Cop accused of shooting Alpha student in head escapes prison time
A policeman who was accused of shooting an Alpha Academy student in the head while she was travelling in a taxi in 2016, was spared prison time after an almost hour-long impassioned plea from his attorney Peter Champagnie, QC on Thursday.
The accused, 42-yeas-old Corporal Kirk Haye, had been found guilty of unlawful wounding earlier this year in the Corporate Area Parish court. Haye was sentenced to two years in prison but suspended for two years pending good behaviour for that period.
READ: Former Mobile Reserve cop found guilty in 2016 shooting; four others freed of all charges
The prosecution’s case was that on June 30, 2016, in the downtown Kingston area, Haye used his M16 rifle and opened fire on a taxi in which a student of Alpha Academy, Zoe McKoy, was travelling.
McKoy was shot in the head.
After being hospitalised for several weeks, McKoy recovered. Haye, at the time, was a member of the now-disbanded Mobile Reserve Unit.
At the trial, which took place at the Corporate Area Parish Court, Haye had denied being a part of any police shooting. However, ballistic evidence presented by the Independent Commission of Investigations (INDECOM) prosecutors suggested that it was his weapon that was used in the shooting when a spent casing was recovered on the scene.

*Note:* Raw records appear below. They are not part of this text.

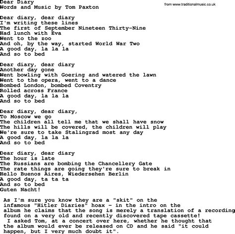 Hey everyone! Today, we’re diving deep into something super special: the lyrics of the song “Dear Diary.” You know, those words that just stick with you, paint a picture, and maybe even make you feel like you’re not alone. “Dear Diary” is one of those tracks that really hits home for a lot of people, and understanding the lyrics is key to unlocking its full emotional power. We’re going to break down what makes these lyrics so resonant, exploring the themes, the storytelling, and the raw emotion packed into every line. Get ready to get a little introspective with me, guys, because we’re about to unravel the magic behind “Dear Diary’s” lyrics .
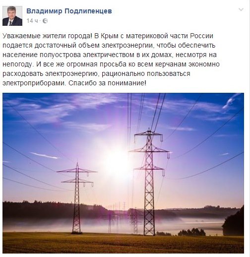 На странице в социальной сети глава администрации Керчи Владимир Подлипенцев обратился ко всем керчанам с просьбой экономно расходовать электроэнергию и рационально пользоваться электроприборами, - передает Керчь.ФМ.
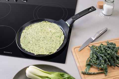 Pour une cuisine alliant performance, longévité et esthétique, choisissez cette crêpière au design élégant noir mat et vert amande.
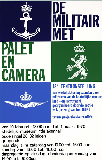 De militair met palet en camera. 18de tentoonstelling van werkstukken ingezonden door militairen van de koninklijke marine land- en luchtmacht, georganiseerd door de sectie welzijnszorg van het HKKL. Tevens projectie kleurendia's - 14 februari - 15 maart
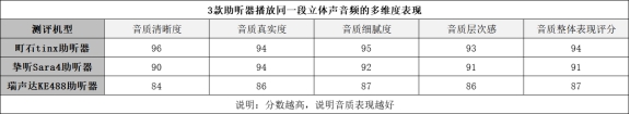 测评方法:本次测试,我播放了同一段立体声音频,重点关注三款助听器在音质清晰度、真实度、细腻度和层次感方面的表现,然后对维度进行评分。
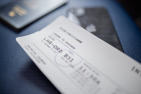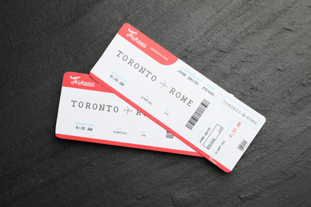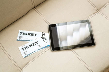 Airline tickets and passports on coffee table. View of foreign passports and boarding tickets.
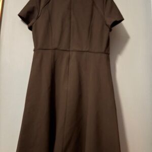 Never worn, new with tags! Thick poly blend material, so great for autumn! Easy to dress up or dress down. Short sleeve. Boob darts. Length hits at the knee. Zipper with clasp closure.

A comparative test was done with this spent casing and Haye’s weapon.
Champagnie, in his plea for leniency, asked the presiding judge to take into account a number of positive factors such as Haye’s sterling contribution of 18 years to the Jamaica Constabulary Force (JCF). It was pointed out that Haye had in the past been responsible for the recovery of a number of illegal firearms and had received 10 commendations.
In 2016, the police reported that a robot taxi operator was transporting students of the Convent of Mercy Academy and St George’s College when the vehicle was stopped by the police at the intersection of Mark Lane and North Street.
The taxi initially stopped but then drove off and was fired at by the police.
One of the bullets hit the female student, who was 13 years old at the time. Another Alpha Academy female student and two other St George’s High School boys who were in the vehicle were not harmed.
The police had to call the fire brigade to respond to four incidents of fires lit by enraged protestors in the area in the wake of the incident.